Originally, I focused on "sociomicrobiology," and had a number of learning objectives.  After consultation with Carol, she suggested that I focus down and “deconstruct” or “unpack” one aspect of my original learning objectives.  So…


My learning objective focus has narrowed down to a student presentation of a peer reviewed paper that “fits” into my “five overarching concepts” in microbiology presented in class.  Rather than my assigning a paper and topic to each group, I would like each student team to consult with each other and with me on a topic and paper. Each student team will present to their lab section, both as a PowerPoint and a two page summary.

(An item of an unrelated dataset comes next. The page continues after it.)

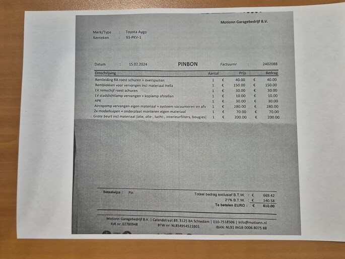 • Afleverbeurt conform onderhoudsschema met volle tank.

Let me break it down thusly with “mini-learning objectives” related to this task:    


  • 1.    Each student team will work together (and in consultation with the instructor) to choose a current peer-reviewed journal article via Google Scholar or PubMed that “fits” into the “five overarching concepts” in microbiology presented in lecture (and seen above). 
  • 2.   Each student team will focus on detailing two specific figures in the chosen/approved paper for analysis and presentation, as well as overall conclusions and context to the field and the class. 
  • 3.   Each team will present a 20 – 30 minute PowerPoint presentation on that paper, including the following elements:  introduction, materials and methods, focus on the two figures, summary (two or three “take home” lessons), “unanswered questions,” and context of the paper to the larger field. 
  • 4.   Each team will write a two page outline that applies to their presentation (to be handed out to their lab section at the same time as their presentation). 
  • 5.   Each team will write two possible test questions relating to their presentation (one relating to the figure(s) presented), along with a clear and unambiguous answer key. 
  • 6.   Other members of the laboratory section will evaluate the team presentation with regard to “clearest” and “muddiest” points, along with a rating 1-5. 
  • 7.   (out of order?) The members of the lab section will receive the chosen paper a week ahead of time to read and consider prior to the presentation.


I would add that I "model" what I would like to see in the second lab session:  I present a paper and summary and sample questions, so that the students see what is expected.